Once that is clear you are much better equipped to deal with remaining psychological issues.
If you do this, please let us know about your experience.
I wish you every success, Jackie.
I'm not actually bingeing even though some part of my mind thinks I should be and tells me repeatedly.
I'm currently reading "When the Body Says No" by Gabor Mate, MD. I picked it up again and started reading it. It means more to me now after reading your book. I'd share some of the things that stood out regarding stress and boundaries today, but I can't recall if there is a rule about that when posting. I'll blame that on the anesthesia :-). Let me know if it is okay to share thoughts on quotes from the book.
I've spent some time this past week thinking about who I am. Who I was. Who I have the potential to be. I am on some sort of threshold. I know I am going to change. I find it scary. But I want the change more than I want to stay stuck. Even if my old voice is often the narrator.
What we eat, how much we eat, when we eat, when we do not eat are vital issues in taking care of our bodies and our mental health.
But... this site attracts people with a current or past eating disorder. Eating disorder thinking will derail a conversation about the details of the above. Eating disorder thinking wil misinterpret, reformulate, rationalize, tantrum, or shake with fear around the specifics of these important nutritional aspects of self care.
So I don't encourage specific food or calorie talk.
At the same time, I support your search for a way to eat that supports your health and stops any damage caused by not eating in a way that is right for your human body.
Getting an education about what really happens in the body when you eat different kinds of foods at different times of the day is extremely helpful in your in the moment decision making about what you will eat and when.
I want to keep fad diets out of here. I don't want to support weight recycling. And I certainly don't want to get into the passions around specific foods.
So, in answer to your question about what the rules are, the rules are a dance where we find our way, share what we can that does not trigger and does not invite a conversational journey down an eating disorder mind's chosen path.
I know this isn't clear.
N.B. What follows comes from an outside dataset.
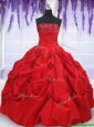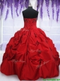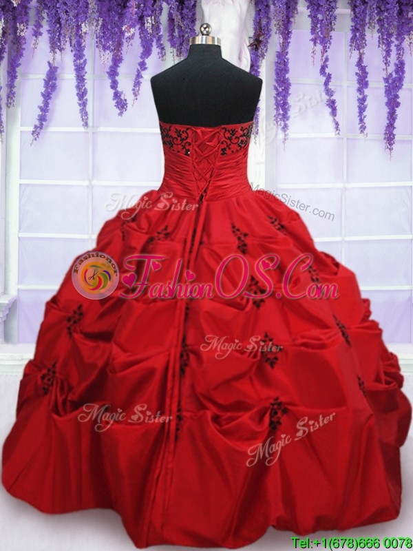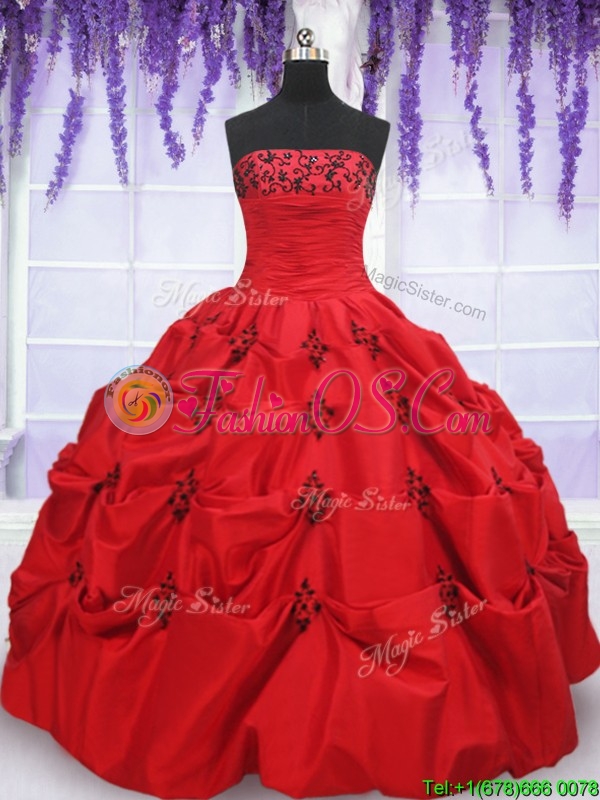 2017 Luxurious Strapless Applique and Bubble Red Quinceanera Dress in Taffeta

But it's as clear as I can get right now. Hope this helps. Thank you for asking!!!!!
1. Get your knee checked out by your doctor.
2. Start writing and let your knee talk to you. Set up a conversation that goes:
PTC:
Knee:
PTC:
Kenn:
and let yourself be surprised by what comes.
Thank you for sharing this!
We can't tell if it's mind to body or body to mind or a combination with two way traffic. So explore as much as you can.